> [What is expected]:
Although the entries contain pictures, only their text goes into the copy, set down exactly.

> [Given information]:

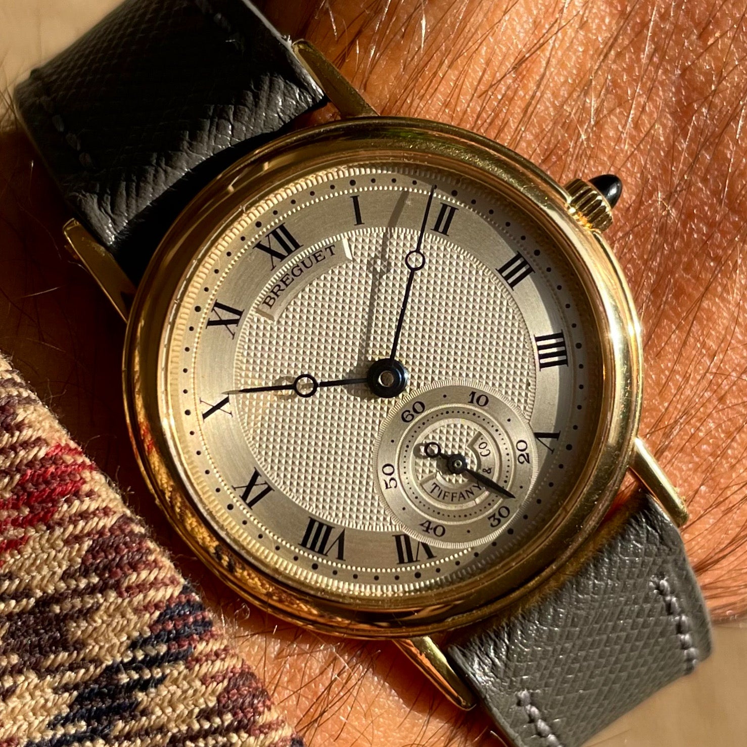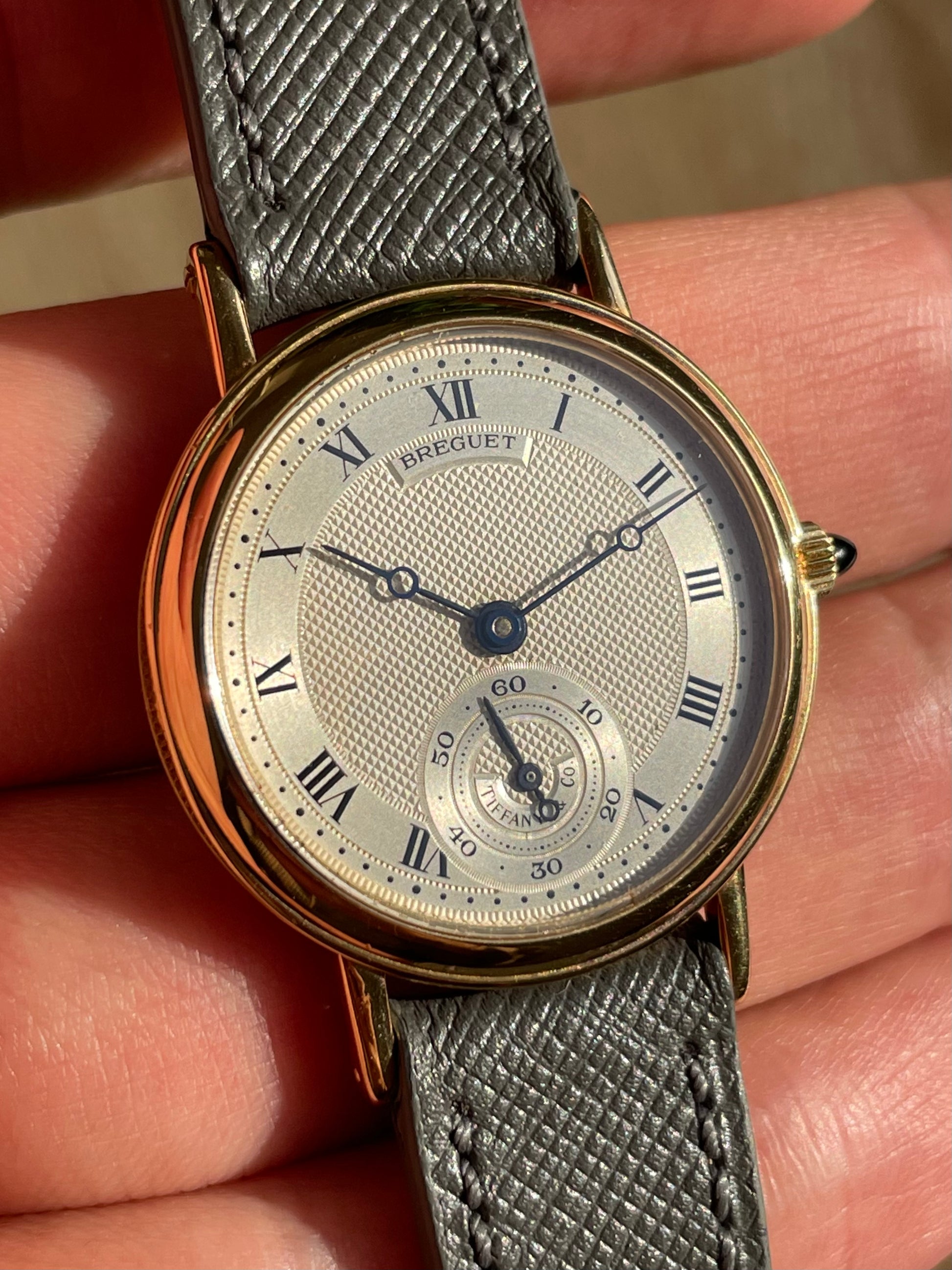 Alex's Comments: On a quick glance, this watch simply appears to be an undoubtably beautiful manual wind Breguet in its own right. But look closely... This is not your typical Breguet - this example was retailed by Tiffany & Co, and features a Tiffany & Co signature within the subsidiary seconds dial. Housed in an elegant "coin-edge" case with a cabochon sapphire crown, this is a fine and rarely seen example of one of Breguet's most iconic models.
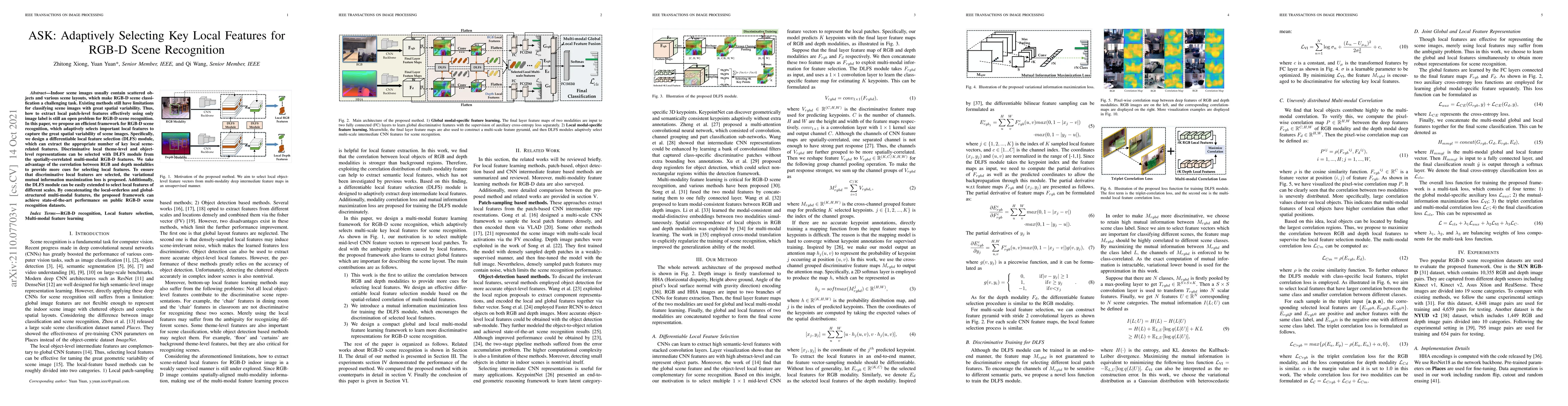 This paper proposes a framework for RGB-D scene recognition that adaptively selects key local features using a differentiable local feature selection module (DLFS). The DLFS module leverages variational mutual information maximization to extract discriminative features, enhancing performance on public datasets.
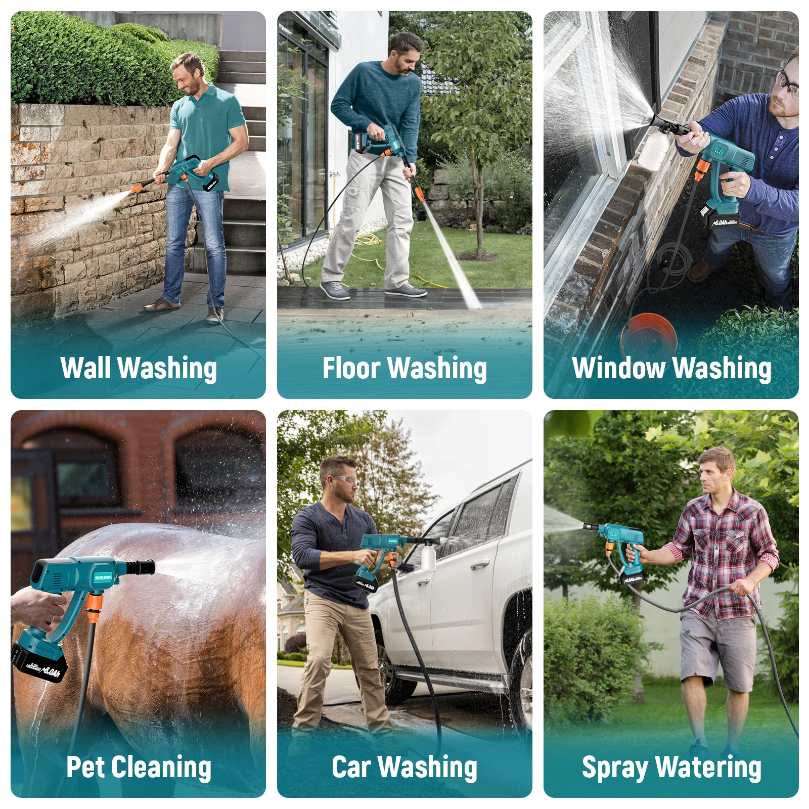 Nananuu Wireless Pressure Wash Gun Pipe Adjustable Portable Pressure Washer Lightweight Cordless Jet Wash Car Washer
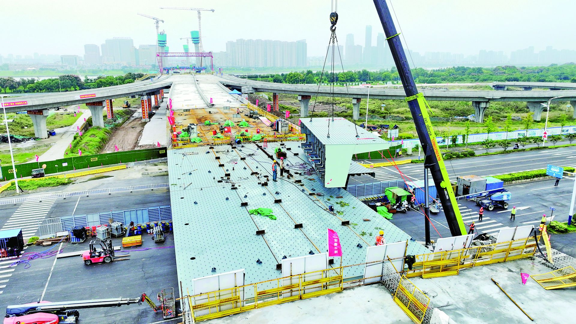 近日,随着钢箱梁架设完成,延安路淮河大桥及接线工程实现横跨淮上大道。该工程位于朝阳路淮河公路桥和解放路淮河大桥之间,南起龙子湖区延安路与凤阳路交叉口,终于淮上区双墩路交叉口,与延安北路顺接,线路全长2733米。据介绍,按照目前的施工进度,预计年底淮上区施工区域可交通放行。(融媒体记者 刘晨 摄) 0
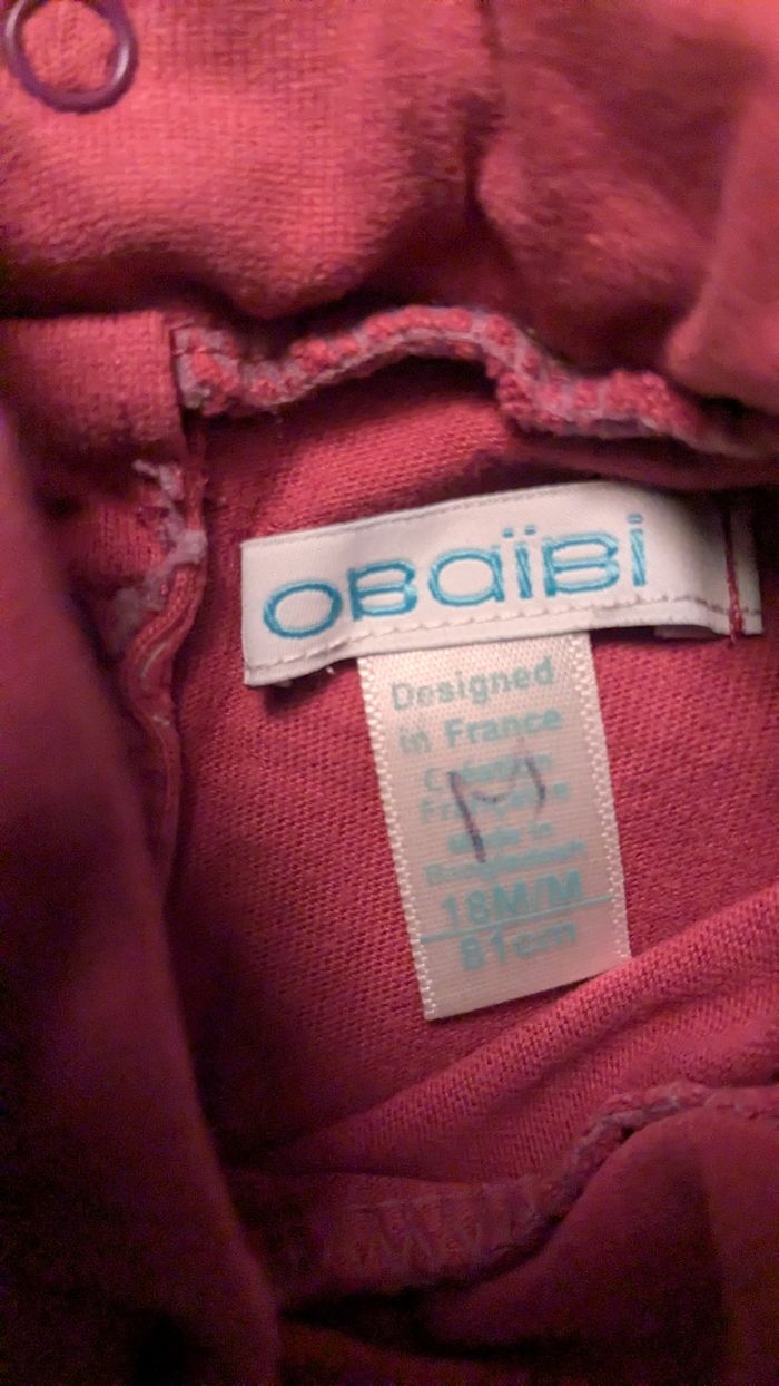 Tee shirt manches longues, épais avec un petit col de la marque Obaibi. Taille 18 mois (81cm) Couleur violet Très bon état, envoi rapide
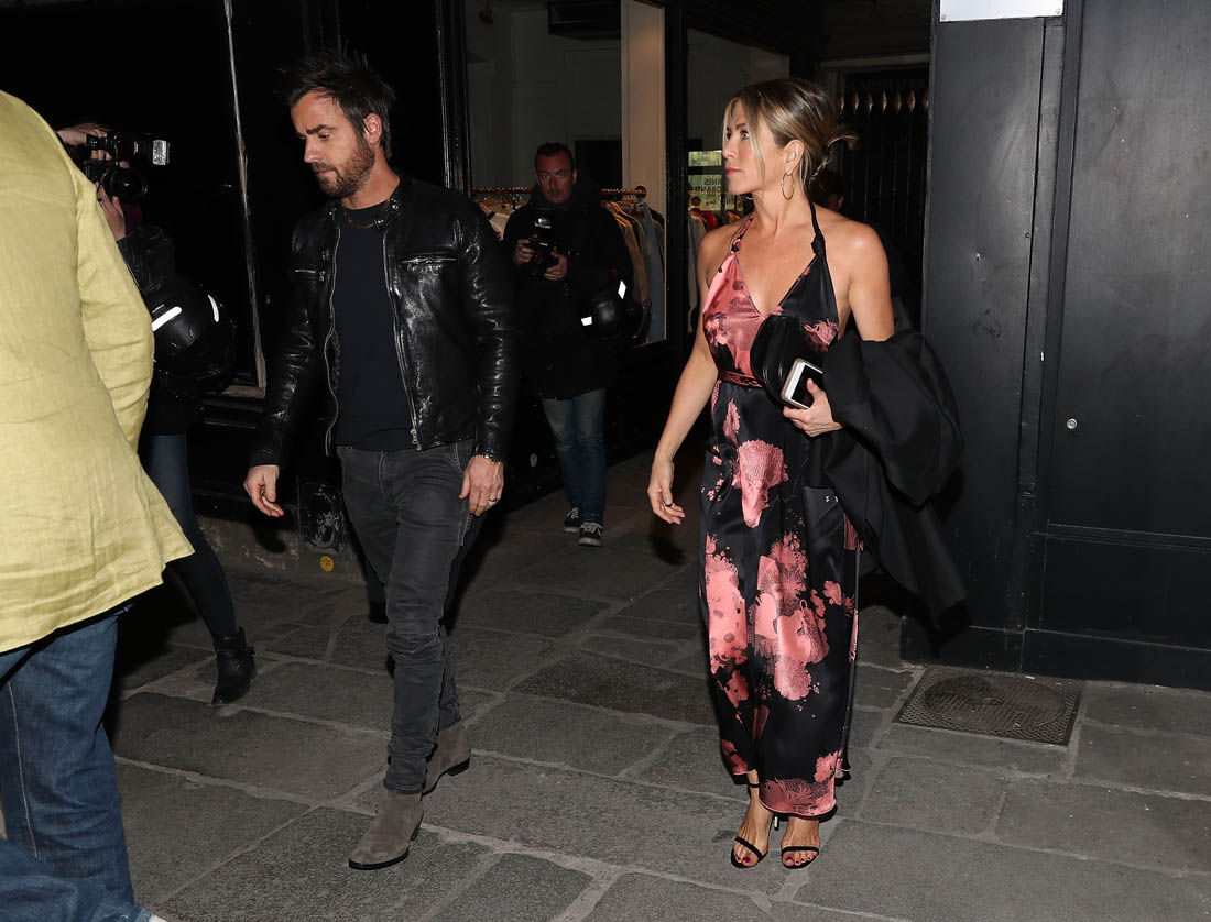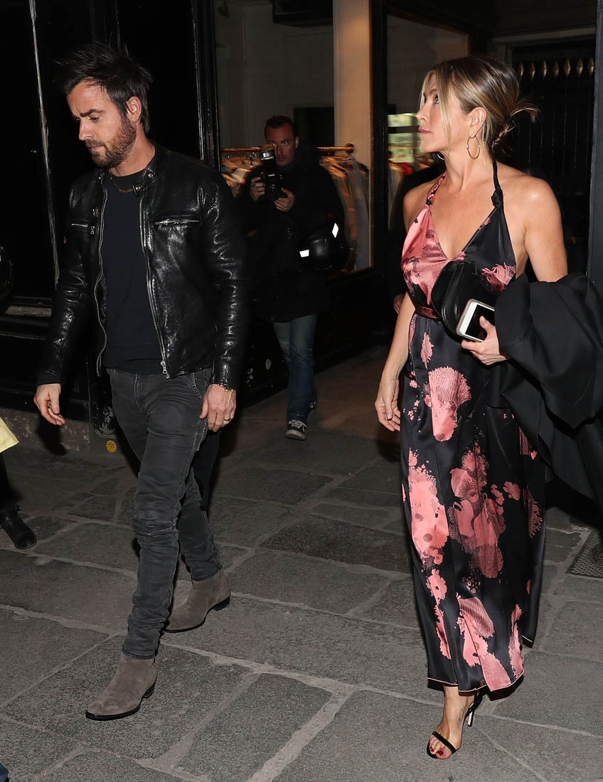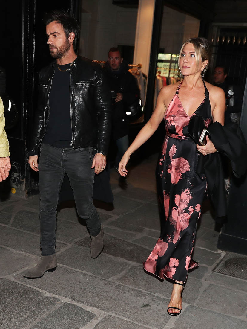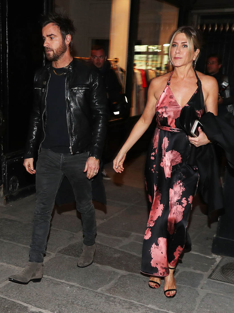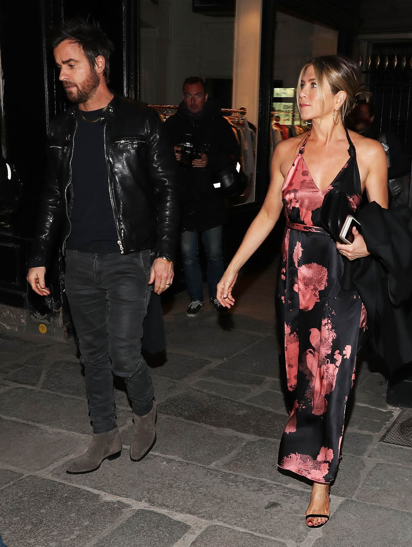 Jennifer Aniston and Justin Theroux went out for dinner in Paris last night. Can I just say I’m still mad about the pants she wore to the Louis Vuitton event this week at the Louvre?
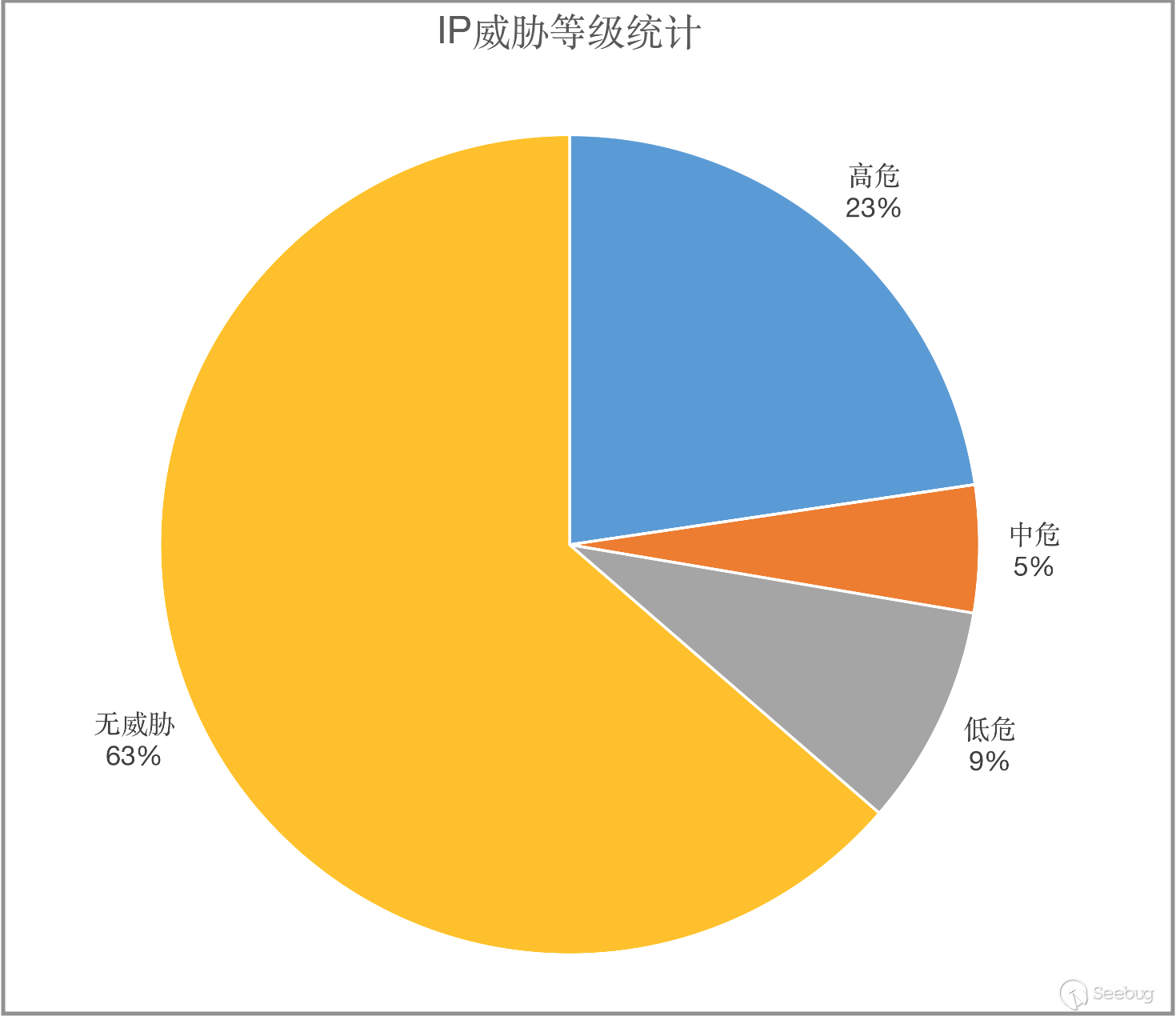 使用创宇安全智脑 ,查看这16582个SoftEther VPN节点IP地址的威胁等级情况,如下图所示。IP威胁等级越高,表示该IP地址近期发起网络攻击次数越多、攻击目标价值越高、攻击手法越高级。

> [Answer area]:
 Alex's Comments: On a quick glance, this watch simply appears to be an undoubtably beautiful manual wind Breguet in its own right. But look closely... This is not your typical Breguet - this example was retailed by Tiffany & Co, and features a Tiffany & Co signature within the subsidiary seconds dial. Housed in an elegant "coin-edge" case with a cabochon sapphire crown, this is a fine and rarely seen example of one of Breguet's most iconic models.
 This paper proposes a framework for RGB-D scene recognition that adaptively selects key local features using a differentiable local feature selection module (DLFS). The DLFS module leverages variational mutual information maximization to extract discriminative features, enhancing performance on public datasets.
 Nananuu Wireless Pressure Wash Gun Pipe Adjustable Portable Pressure Washer Lightweight Cordless Jet Wash Car Washer
 近日,随着钢箱梁架设完成,延安路淮河大桥及接线工程实现横跨淮上大道。该工程位于朝阳路淮河公路桥和解放路淮河大桥之间,南起龙子湖区延安路与凤阳路交叉口,终于淮上区双墩路交叉口,与延安北路顺接,线路全长2733米。据介绍,按照目前的施工进度,预计年底淮上区施工区域可交通放行。(融媒体记者 刘晨 摄) 0
 Tee shirt manches longues, épais avec un petit col de la marque Obaibi. Taille 18 mois (81cm) Couleur violet Très bon état, envoi rapide
 Jennifer Aniston and Justin Theroux went out for dinner in Paris last night. Can I just say I’m still mad about the pants she wore to the Louis Vuitton event this week at the Louvre?
 使用创宇安全智脑 ,查看这16582个SoftEther VPN节点IP地址的威胁等级情况,如下图所示。IP威胁等级越高,表示该IP地址近期发起网络攻击次数越多、攻击目标价值越高、攻击手法越高级。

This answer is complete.